En fait, ils voudront bien venir, quand ils seront hors de portée des finances du club de Villeneuve.
Reste à savoir si ces joueurs, en prenant la place des N’Gog et Arnaud, auraient permis au Paris Saint Germain de faire une saison moins morose.
« Je ne sais pas si cela aurait été mieux avec nous. Cela aurait forcément amené un plus », affirme Sissoko
Parce que si on suit ce raisonnement, les jeunes qui signent au PSG, ce sont ceux qui n’ont pas pu signer dans les autres clubs « ou ceux qui ont peur de voyager. Même si Paris n’est pas le premier choix, il faut relativiser, ce n’est pas la mort non plus » toujours Sissoko.
On pourrait croire le PSG pris dans un cercle vicieux.
Les jeunes du centre du PSG ne sont pas les meilleurs donc Paris sort peu de joueurs de son centre car ils n’ont pas le niveau. Les talents de la région préfèrent alors migrer vers un club qui fait confiance aux jeunes.
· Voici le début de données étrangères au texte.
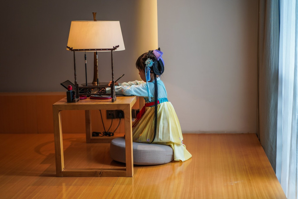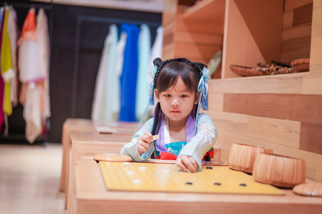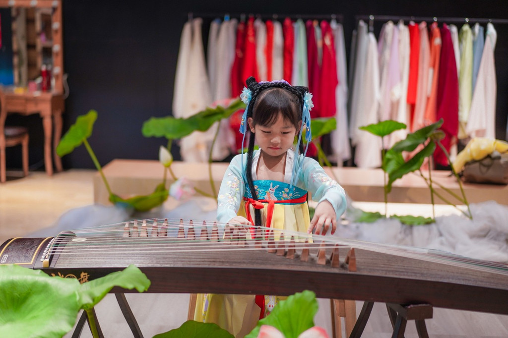 还有古筝的学习,不过孩子太小,只能穿着汉服摆摆样子。

Pourtant à écouter Rampillon, il n’en est rien: « A une certaine période, Paris avait du mal à attirer des jeunes. C’est peut-être, ce qui nous a permis de faire signer Faty ou Briand. Nous n’étions qu’à deux heures de route de chez eux. Mais depuis, le PSG a comblé leur retard. Ils ont développé un très bon réseau et sont présent sur tous les fronts. Si aujourd’hui, les jeunes choisissent encore Rennes, c’est que l’on a prouvé notre valeur sur plusieurs années, pas parce qu’il ne faut pas aller au PSG » .
Le jour où les exemples de Chantôme et Sakho parleront plus à un jeune que ceux de Silvestre ou Wiltord, le PSG aura gagné le pari de la formation.